Cuando la palabra pandemia no existía en nuestro vocabulario habitual, el problema de las grandes ciudades turísticas era la gentrificación. Un vocablo acuñado en 1964 por la socióloga inglesa Ruth Glass que se refiere al vínculo de las urbes con sus habitantes.
En la segunda década de este siglo, una de las caras de la gentrificación explotó con la invasión de visitantes que recibieron destinos tales como Venecia, Nueva York y Roma, por citar algunos. Muy positivo en términos económicos, pero que fueron haciendo dificultoso el día a día de sus residentes, obligando a muchos a emigrar a los suburbios ante el desmedido aumento de los alquileres, motorizado por la mayor rentabilidad de las rentas temporales ofrecida por plataformas como Airbnb.
Una de las urbes que más sufrió con el impacto turístico desmedido fue Venecia, que llegó a recibir unos 30 millones de viajeros al año. Era imposible caminar tranquilo por la plaza de San Marcos, por ejemplo. Una situación límite que impulsó a la Unesco a amenazar con quitarle a la ciudad el título de Patrimonio de la Humanidad si sus gobernantes no se esforzaban por ponerle un límite a tamaño descontrol.
Hoy, Covid mediante, los venecianos disfrutan de calles pulcras y de canales con aguas más limpias, pero por otro lado más de la mitad de los hoteles están cerrados y en los restaurantes son más las mesas vacías que las ocupadas. Paradojas de la vida.

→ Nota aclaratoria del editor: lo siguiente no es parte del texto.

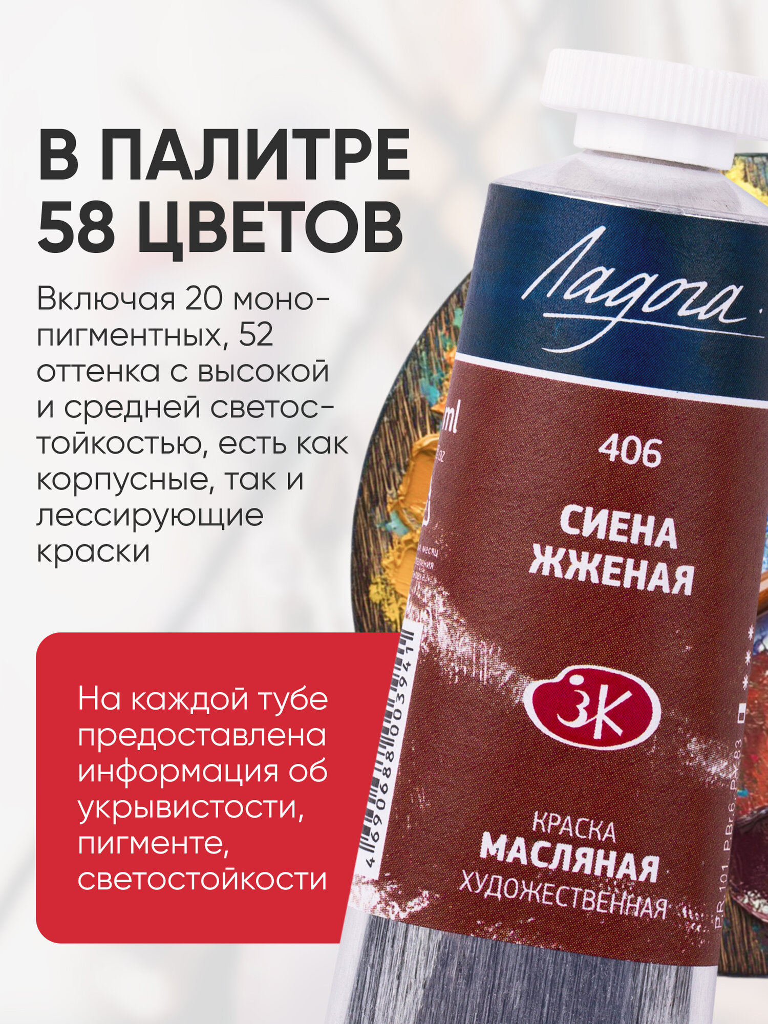 Масляная краска для рисования Ладога сиена жженая 406 в тубе 46 мл информация:

Un fenómeno similar acontece en muchas otras comunidades, antes quejosas por el exceso de visitantes y que ahora quieren volver a una normalidad más equilibrada y sustentable.
Venecia, bajo control
Siguiendo con el ejemplo de Venecia, fue montado un centro de control de última generación que permite rastrear con cámaras los desplazamientos de la gente, al tiempo que se autorizó una tasa de entre 3 y 10 euros para los visitantes que no pernocten. Este impuesto debió arrancar en julio de 2020, pero la pandemia llevó a imponerlo a partir del mismo mes del año entrante. Los días con menor movimiento serán los más baratos.
Además, se aprobó un decreto que alejará de manera progresiva a los gigantescos cruceros que afeaban el casco histórico y que con el oleaje erosionaban los cimientos de las construcciones. En una primera etapa recalarán en el puerto industrial de la cercana comunidad de Marghera, en tierra firme. Existe un proyecto para construir una terminal especial en las afueras, pero al momento poco se sabe.
Lo cierto es que el Covid nos cambió la vida. Es de esperar que para las ciudades turísticas sea para bien.